I'm much more efficient with CLIs than UI's, but that's only because I deeply understand operating systems. Learning new CLI's is hard because it's learning a whole new set of commands and concepts. The point of a static UI is that I'm able to learn incrementally.
I like the idea of dynamic UI's but only for things that I know very well, and I'm technically minded. The idea of having to work with new systems with a "customized UI" seems counter-productive. I want a static UI someone else has experience with. This idea of "the UI adapts the data to you" always seemed weird to me because like, I'm not nearly smart enough for that. I hate when Apple changes the color of an iPhone button, imagine every UI I work with being different every time I try to use it.
Also, doesn't this mean I'm constantly a beginner and never get good at my tools? Reliable UI's allow me to turn my brain off. Does everyone else in the world secretly think that they wish things changed more, and I'm the only one too dumb to want this?

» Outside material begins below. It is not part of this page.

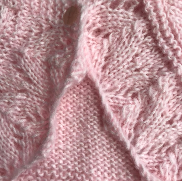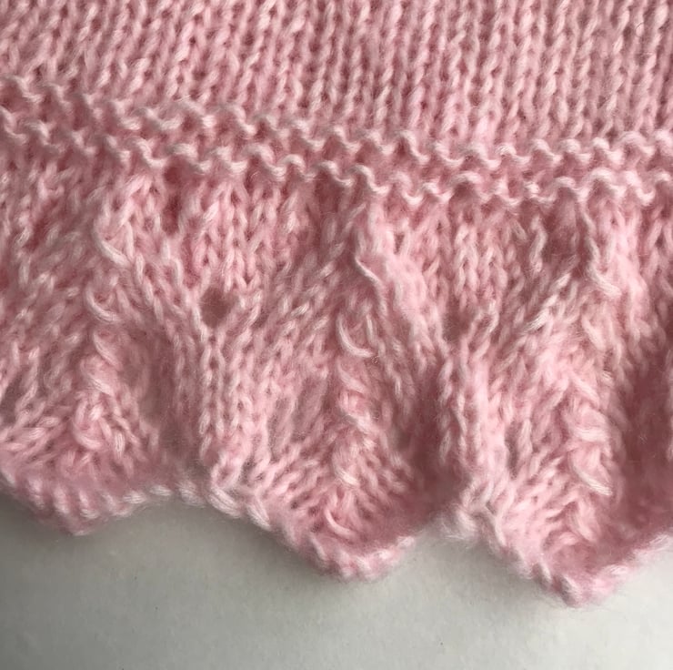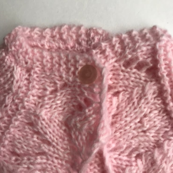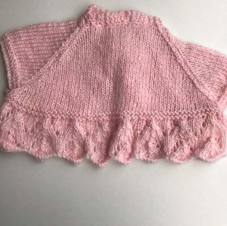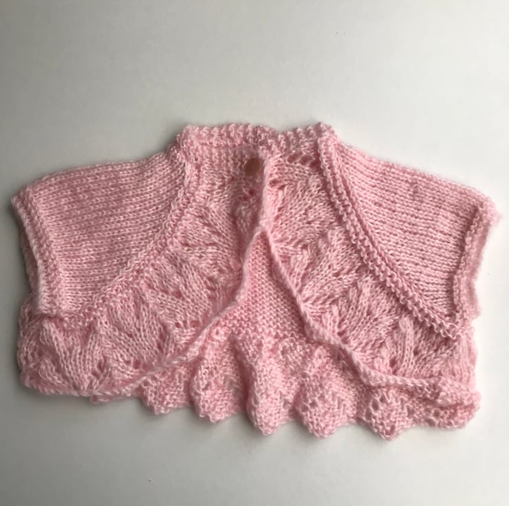 This pretty bolero is hand knitted in a soft fluffy yarn. It features a patterned edge and a stocking stitch body. It fastens with a button at the neck. it would be perfect to wear over a party dress or for a special occasion.

The stages framework is clean but Stage 4 assumes the data layer stays clean and structured enough for agents to reliably ingest. Most enterprise data is a mess of inconsistent schemas and undocumented assumptions that took humans years to navigate. The jump from Stage 3 (AI as feature) to Stage 4 (AI as product) isn't just technical - its organizational, becuase companies that cant even document their own processes probably wont be able to scaffold them for agentic access either.